Compared to neural networks, the famous Fourier transform, why is there no unified function approximator? The answer is here

Reports from the Heart of the Machine

Editors: Du Wei, Chen Ping

In fact, for different types of tasks, we can selectively use Fourier transforms or neural networks.

Function approximation is an important part of function theory, involving fundamental problems with the approximate representation of functions. The need for functional approximations occurs in many sub-disciplines of applied mathematics, especially computer science. Specifically, the function approximation problem requires us to choose a function in a well-defined class that matches (or approximates) the objective function in a task-specific manner.

At present, there are many ways to achieve function approximation in the field, such as the Fourier transform and the emerging neural networks in recent years. These function approximators have different methods and effects in their implementation.

Recently, a hot post on reddit "Compares the Fourier transform and neural networks as function approximators"

This is a fundamental issue, according to the poster. He asked, "If the main premise of a neural network is a global function approximator, what are the advantages over other approximators such as the Fourier transform that have also been shown to approximate any function?" Why hasn't the whole of supervised learning become one of the fields of computation of Fourier coefficients?"

Compared to neural networks, the famous Fourier transform, why is there no unified function approximator? The answer is here

Original Address: https://www.reddit.com/r/MachineLearning/comments/ryw53x/d_fourier_transform_vs_nns_as_function/

Netizens have given their interpretation of the above questions.

Fourier transforms, neural networks, should be used on demand

Among the many answers of netizens, the answer of one netizen can be described as high praise, receiving 208 likes.
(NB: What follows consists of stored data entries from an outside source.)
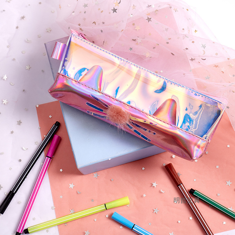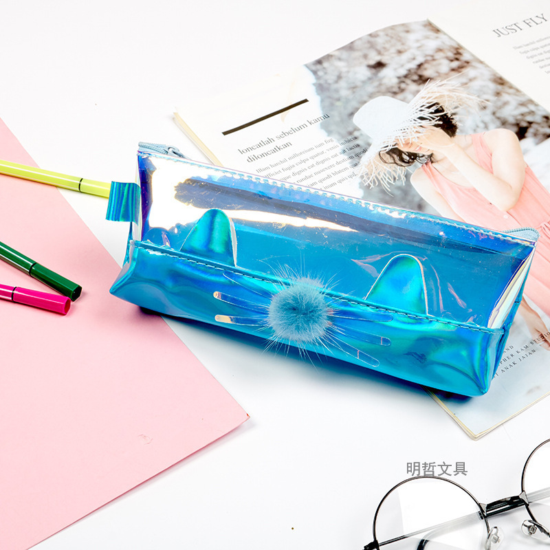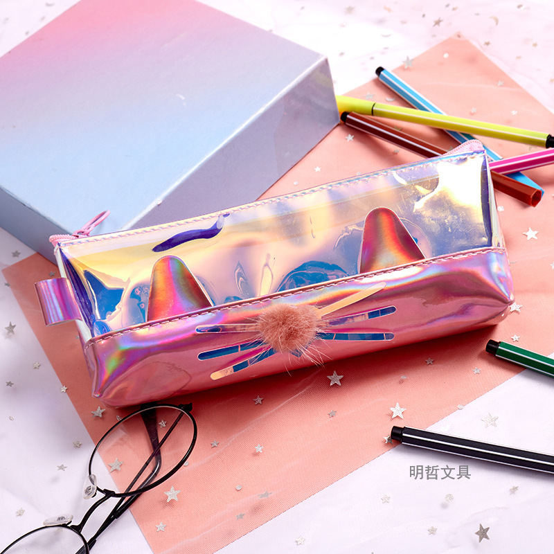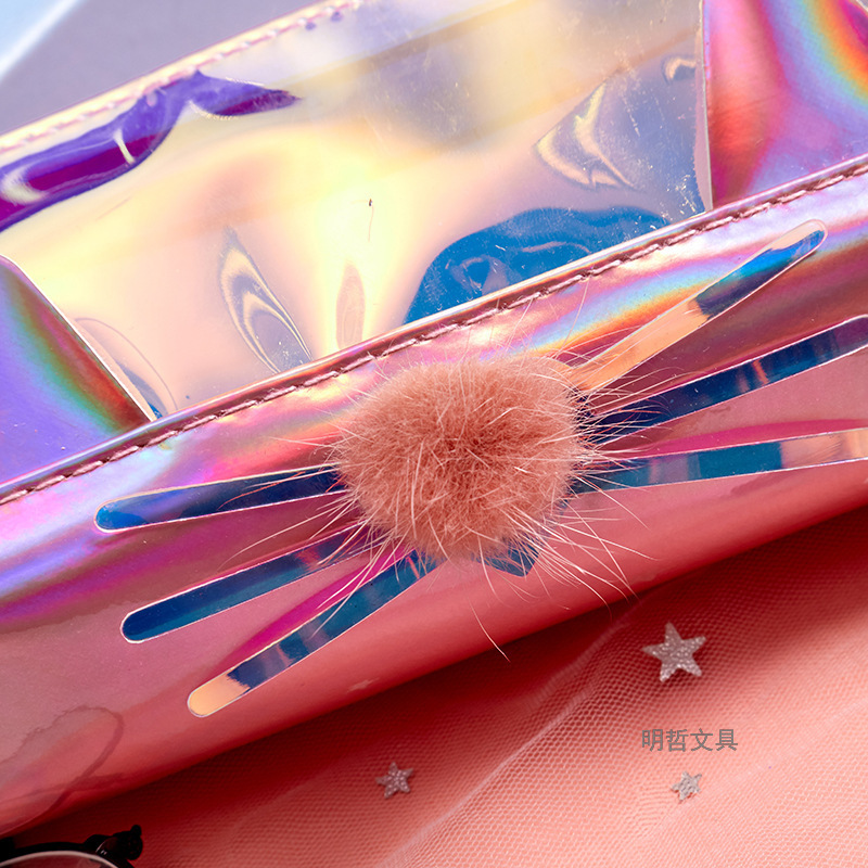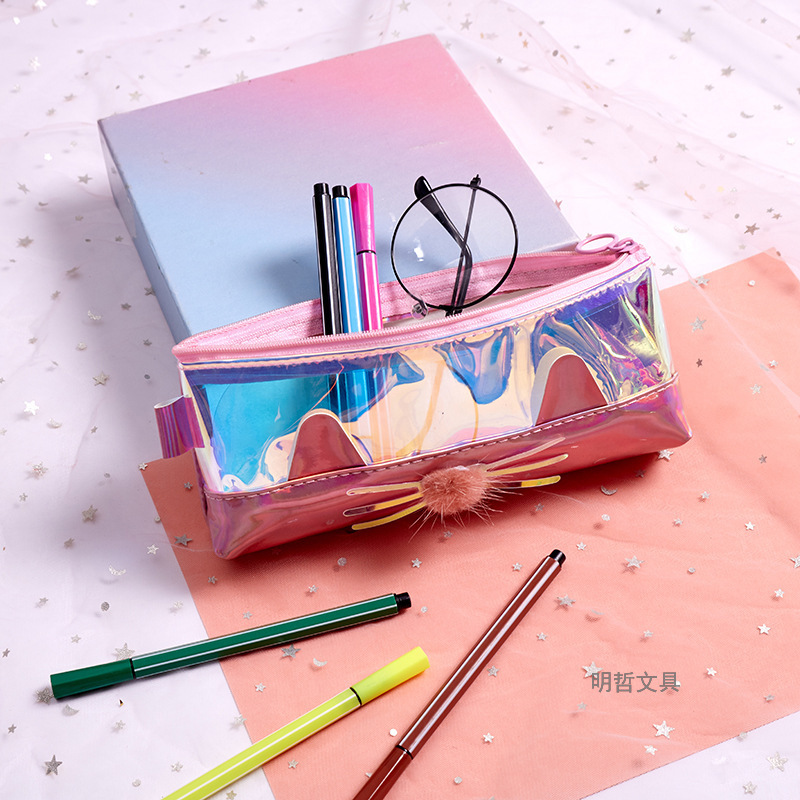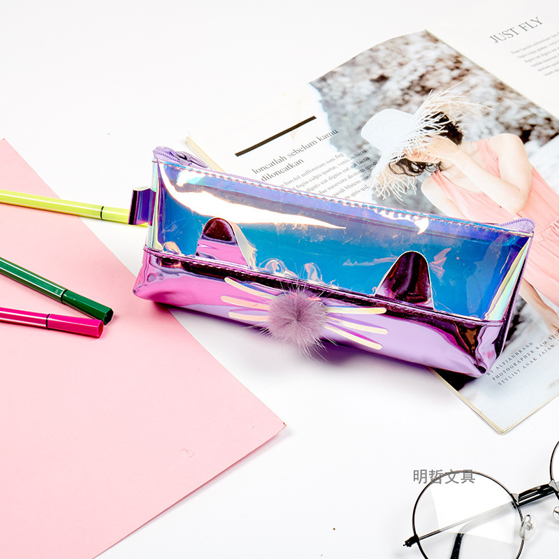 Korean Style New Creative Large Capacity Laser Cat Shape Pencil Case Waterproof Sequins Gift Stationery Bag Cosmetic Bag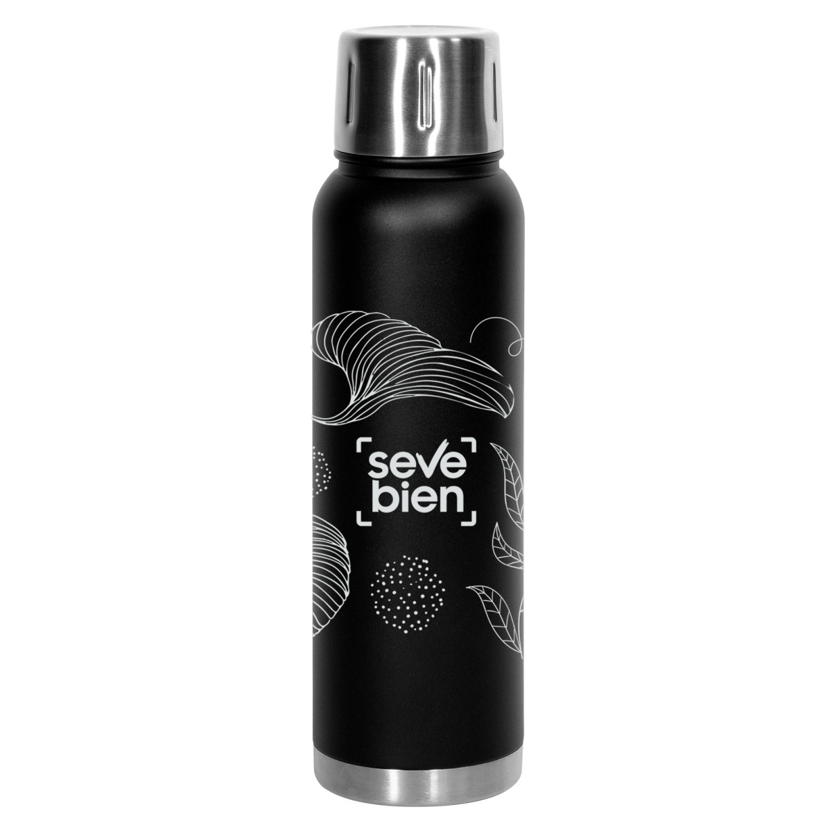 Ø 8,4 x 30 cm. Capacidad 1000 ml. Acero inoxidable. Termo Doble pared con recubrimiento de cobre. Interior en acero 304 y exterior en acero 201. Pintura Powder Coat (pintura mas duradera y resistente a la corrosión y el paso del tiempo). Tapa de acero a rosca. Tapón con apertura y cierre a presión. Mantiene por más de 12 hs la temperatura de las bebidas calientes y 24 hs de las bebidas frías. Presentación en caja de regalo.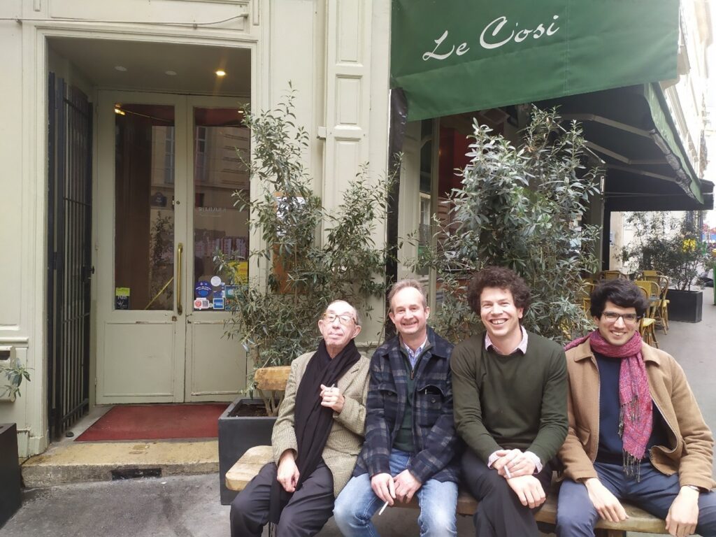 Trois générations de directeurs de thèse avec leur étudiant respectif à la porte du restaurant Le Cosi près du Panthéon il y a quelques années. De gauche à droite : Jacques Baudon avec Francisco Perales, Jules Grucker et Lionel Djadaojee.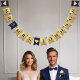 Wedding Navy Blue Faux Gold Hearts Mr. & Mrs. Name Bunting Flags

Ta's answer is this:

GaoZan answered a partial screenshot

Most studies have demonstrated this, namely that Fourier series are general-purpose approximators of continuous functions. The (fast) Fourier transform (FFT) can be used to quickly calculate Fourier series from uniformly spaced data, although non-uniform FFTs are also present. FFTs have the following characteristics: if the models are smooth enough, they will achieve spectral convergence, which means that the error is exponentially decreasing (you can see this by the Hurd condition of the coefficients). While Fourier series require periodicity, extensions to their models include chebyshev transforms/Chebyshev polynomials, which have similar spectral convergence, but on [-1,1] they are aperiodic functions.

Neural network convergence rates are not exponential, and even in optimal cases, linear convergence speeds are rarely achieved, so why do many studies use neural network methods? First of all, in computational science, many studies use pseudospectral methods, spectral elements, etc. Even polynomials are general-purpose approximators for a large number of functions (cf. Weierstrass approximation theorem).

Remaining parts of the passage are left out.